Running watches and I have had a stop-start relationship. I trained for six months with a very good one for the New York Marathon and it was my best friend until the 25km mark.
This is where the biggest crowds on the course line First Avenue, giving runners a boost as they head towards the Bronx. The race briefing people had warned us that when we get to this point, it’s easy to be swept up in the excitement of arriving onto Manhattan and to pick up your pace - costing you dearly later. So I looked down at my watch to check I was on track and inexplicably the screen was blank. It had been fully charged 25km ago.
I was glad I’d been anal enough to write my 5km splits up my arm in black pen, so I still had a pace reference. But I still kicked myself for being lulled into that false sense of security that a bit of blinking wristwear can bring.
I’ve had other run-ins - no pun intended - with technology during training and races.

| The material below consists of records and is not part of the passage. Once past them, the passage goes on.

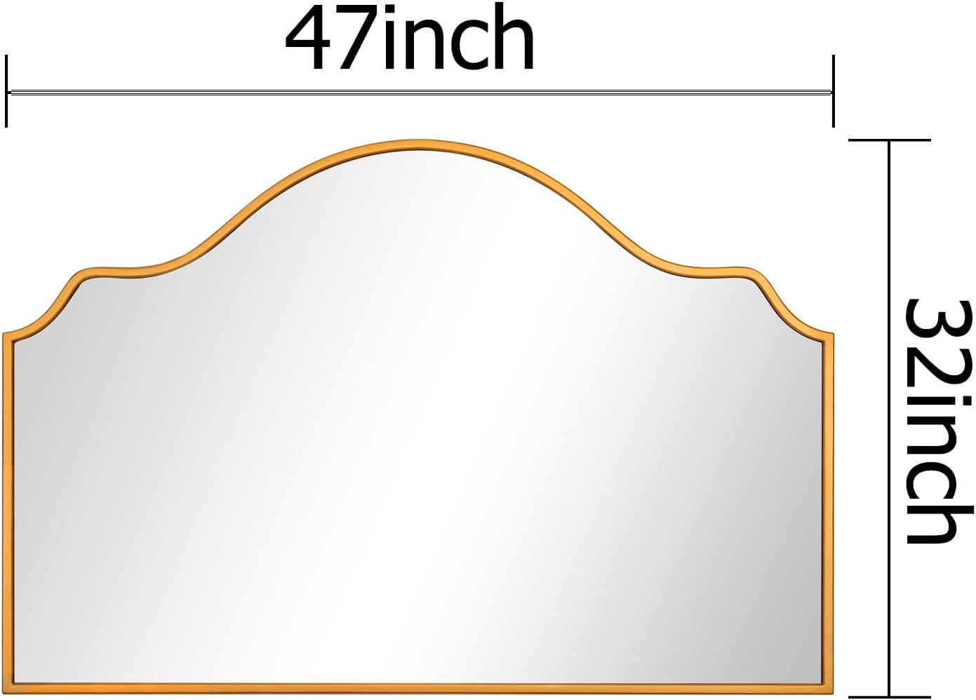 Chende Large Gold Mirror with Arched Top, 47" x 32" Modern Living Mirror for Wall, Modern Decorative Mirror with Wooden Frame for Entryway, Fireplace, Dining Room
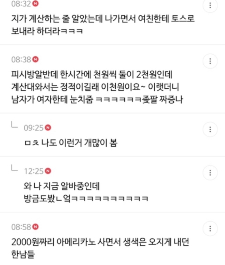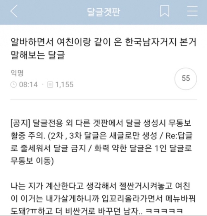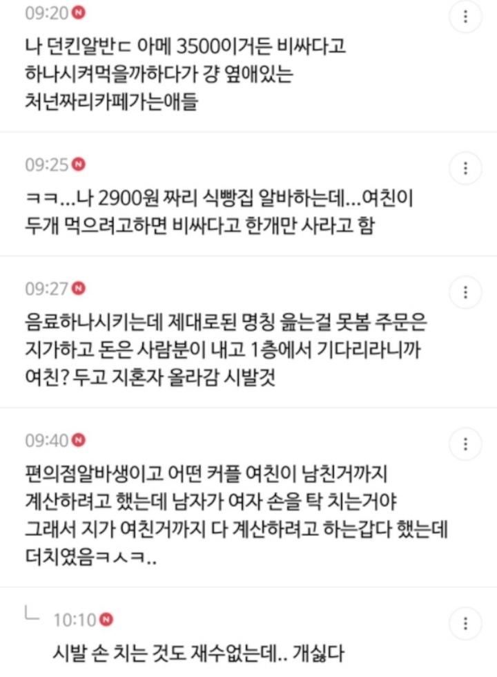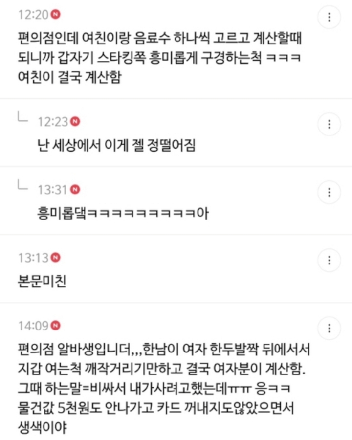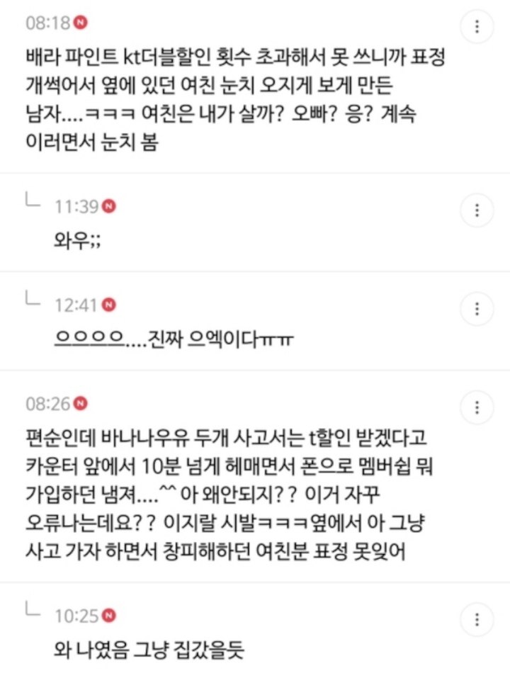 작성자어쩔어쩔용 작성시간 21.01.26 편알인데 매번와서 여자카드로 콘돔 계산시키는 병신있음 에휴 매번 지 음료 같이계산하라그러고
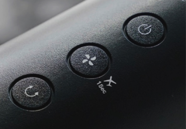 一度でもその風に当たれば、ほかの扇風機と違うことは一瞬でわかるだろう。そう、どんなに当たり続けても痛くないのだ。理由は、二重の羽根がそれぞれ送り出す風が途中で混ざり合うことで、点ではなく面で風が届くため。私自身、扇風機に当たり続けて、こんなに気持ちいいと感じたことはなかった。
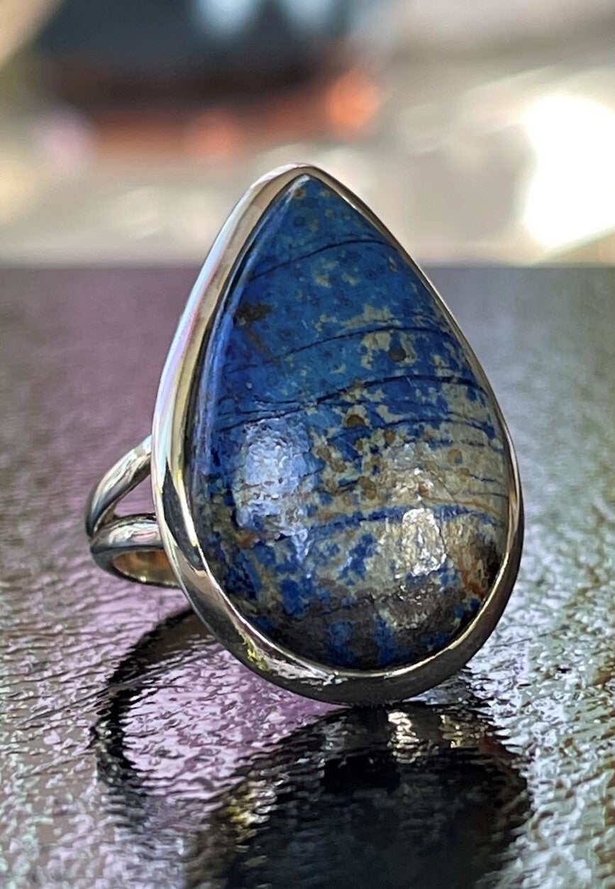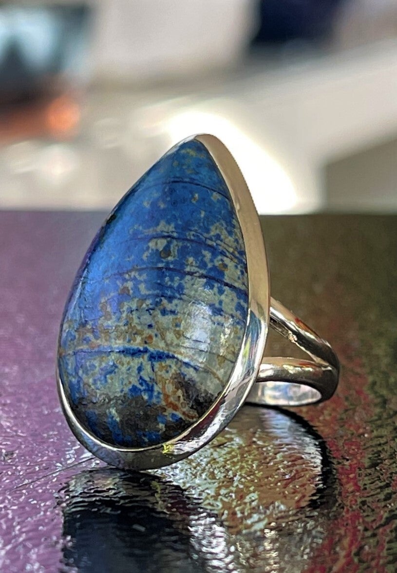 Zilveren ring met Azuriet Malachiet edelsteen cabochon druppel
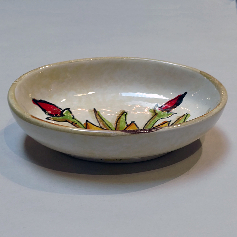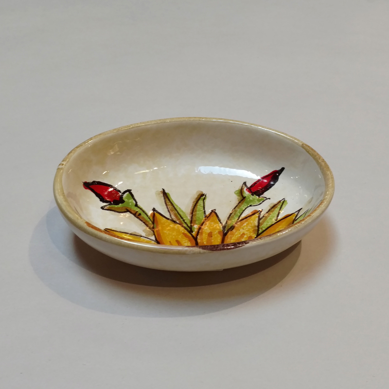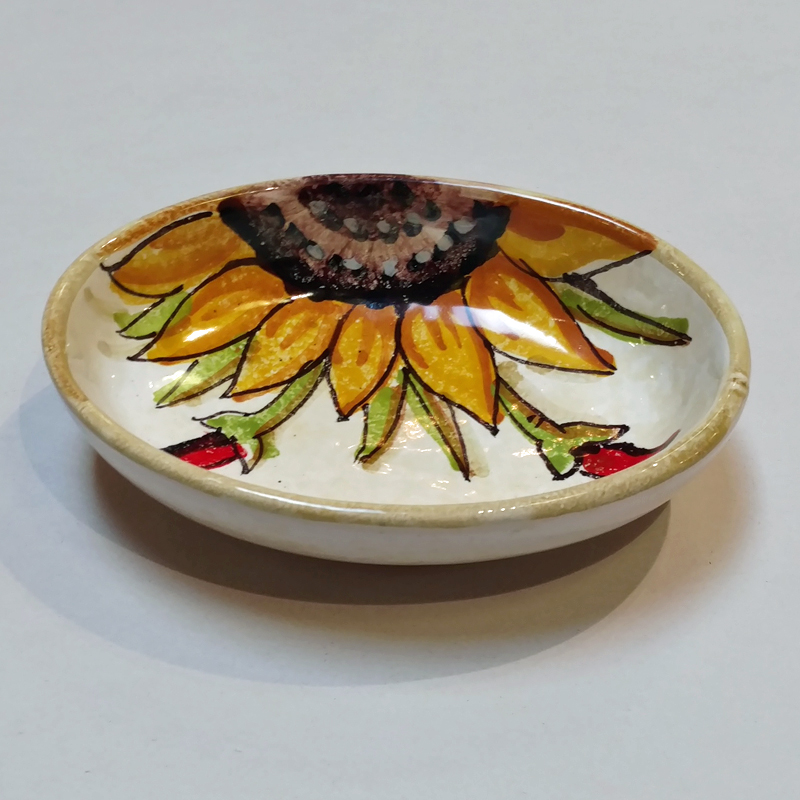 Audrey, our newest rustic sunflower and poppy design on a creamy background is as elegant as it is understated. This oval dish is a perfect soap dish, but also makes an adorable jewelry tray to corral your rings and things on your counter or bedside table. The walls are also deep enough to use this oval dish for sauces, or for oil and vinegar in which to dip a nice crusty bread. The lively sunflowers, poppies and leaves are striking against the soft, off-white background.
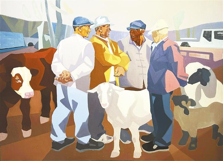 《和風(fēng)》系列作品取材于禮縣鹽官鎮(zhèn)騾馬市場(chǎng)逢集時(shí)交易的場(chǎng)景。幼時(shí),我經(jīng)常隨父親去鹽官騾馬市場(chǎng)趕集,對(duì)這個(gè)場(chǎng)景熟悉且親切。也正因?yàn)槿绱耍覍?duì)這個(gè)題材有著難以割舍的情愫,總是忍不住想通過畫筆呈現(xiàn)這一記憶。
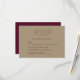 Cette élégante carte d'enceinte RSVP de mariage moderne présente du texte bordeaux sur un arrière - plan doré. Le titre "RSVP" apparaît dans un très beau script d'écriture manuscrite, avec le texte personnalisable ci-dessous dans la police sans serif. L'envers est bourgogne solide.
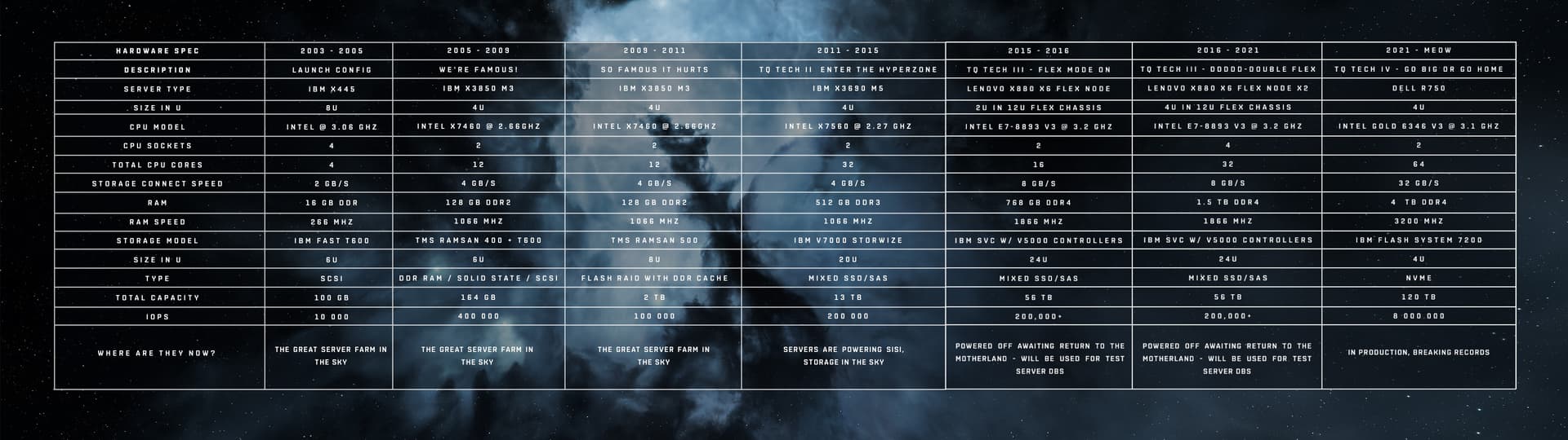 It’s still a bit unclear what the complete worldwide hardware setup is for Eve Online if anyone can shed any light on this that would be great, thanks.
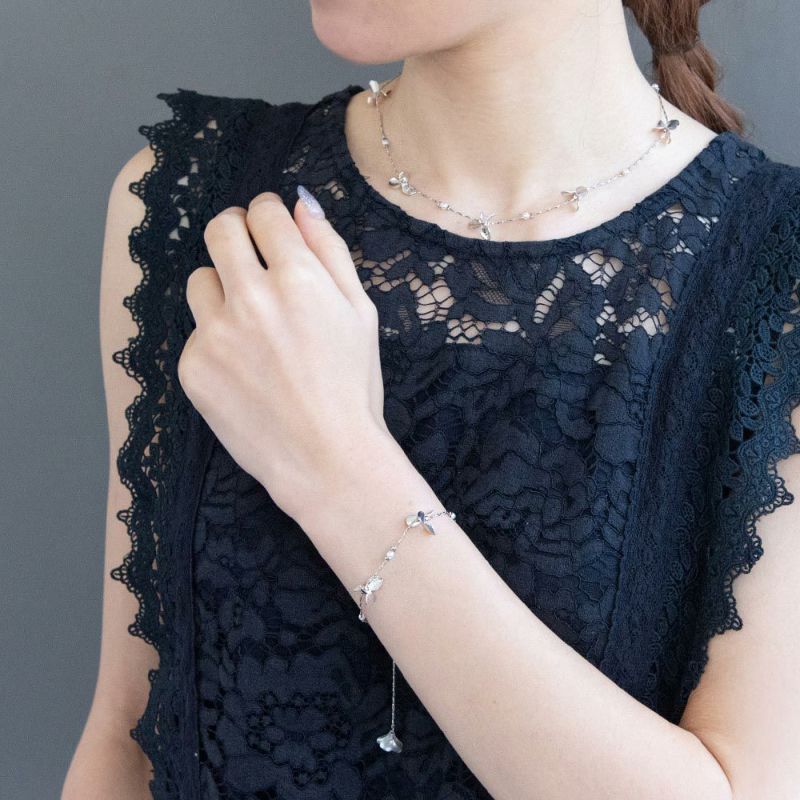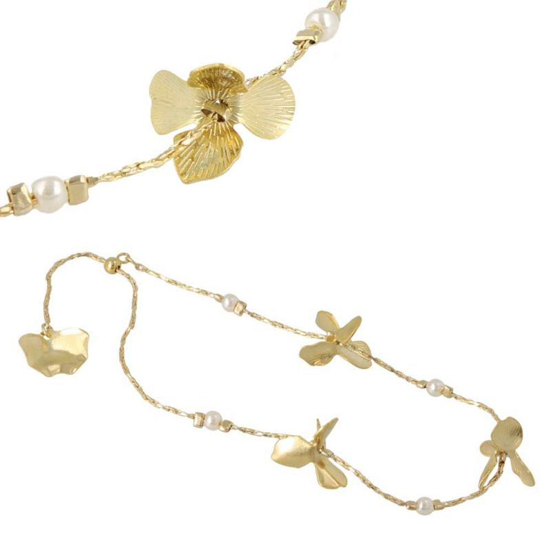 Classy GARDEN ブレスレット ニッケルフリー フラワー メタル パール スライドボール チェーンブレスレット

From not allowing enough time to pick up a GPS signal before the start gun fired (who knew six minutes wouldn’t be long enough in Sydney’s Macquarie Street?); to pausing the stopwatch at traffic lights - only to forget to start it again; to being unable to read the screen properly when training in the dark and so missing turn-around splits; to having to stop mid-run to ask a pedestrian the time of day because my watch was telling me everything but.
And yet - of all the gadgetry out there for athletes, the running watch is the one I persist with. When a new one comes onto the market, I’m as excited as an Apple fan at the launch of a new iDevice. Why? Because they are such good training aids. I love a kilometre split as much as the next runner; I like a pacing guide; I like to be able to set a distance when working through a program; I like instant feedback.
And now innovation has taken the running watch a step further with the built-in heart rate monitor and a whole lot more functionality - so much so that you could almost be justified in firing your coach. Almost.
This month adidas launched its Smart Run in Australia ($500 RRP). Users can track runs using GPS mapping, monitor their heart rate off their wrist, listen to their favourite music, and get real-time coaching via Bluetooth. All the new technology is packaged into a 80.5g unit with a silicon strap. I test-drove one recently and am now on the verge of upgrading my opinion of watches from “unreliable training aid” to “potential best friend (running)”.
So far the best bits are the fit and the heart rate monitor. I’ve used chest straps before and frankly, they were a bit too much of a palaver. Built-in monitoring is a breakthrough and the accuracy, adidas says, is 99 per cent. The monitor gives feedback by the second (this can be scaled back to save battery when doing really long runs) and the colour screen designates zones you’re working in, making training more efficient. The watch vibrates when you’re in the “red zone”, which is a logical feature because when I hit that level the other morning I wasn’t in a position to be looking at my wrist. A simple vibration was good enough. If I’d been hooked up to Bluetooth I might have had my music interrupted to hear my virtual coach telling me I was in the red zone and to back off - or stay there a bit longer.
I also love the swipe-style interface, similar to that used on an iPhone, and the black background display makes reading the screen a lot easier.
Being wireless, your workout syncs to the MiCoach platform as soon as you walk in the door, saving the bother of plugging the watch into the computer to download data and leaving more time for oft-neglected stretching.
It also has an accelerometer that counts every step so you can monitor your stride rate when running on a treadmill or otherwise out of GPS range. And on scheduled non-running days the watch can guide you through strength and flexibility sessions via numerous animations.
All this technology raises the question of battery life, and adidas acknowledged it’s an ongoing challenge. There’s no use having all this fabulous functionality if the watch can’t last the distance, so to speak, which may be an issue if you’re using the SmartRun with all its bells and whistles activated for more than five hours. The trick is to implement the manufacturer’s battery saving suggestions. I haven’t had any issues yet - certainly nothing as infuriating as a blank screen at the 25km mark.
It seems there’s no end to where technology can help runners. When you’re time-poor and working towards a goal, be it your first 10km race or an ultra-marathon, a running watch can be a great tool to help get you there. (Note the word help. It’s still worth getting to know what different pace rates and thresholds “feel” like, without technology’s help.)
And as a back-up, come race day I’d still recommend writing your splits up your forearm. Tattooing is in, after all.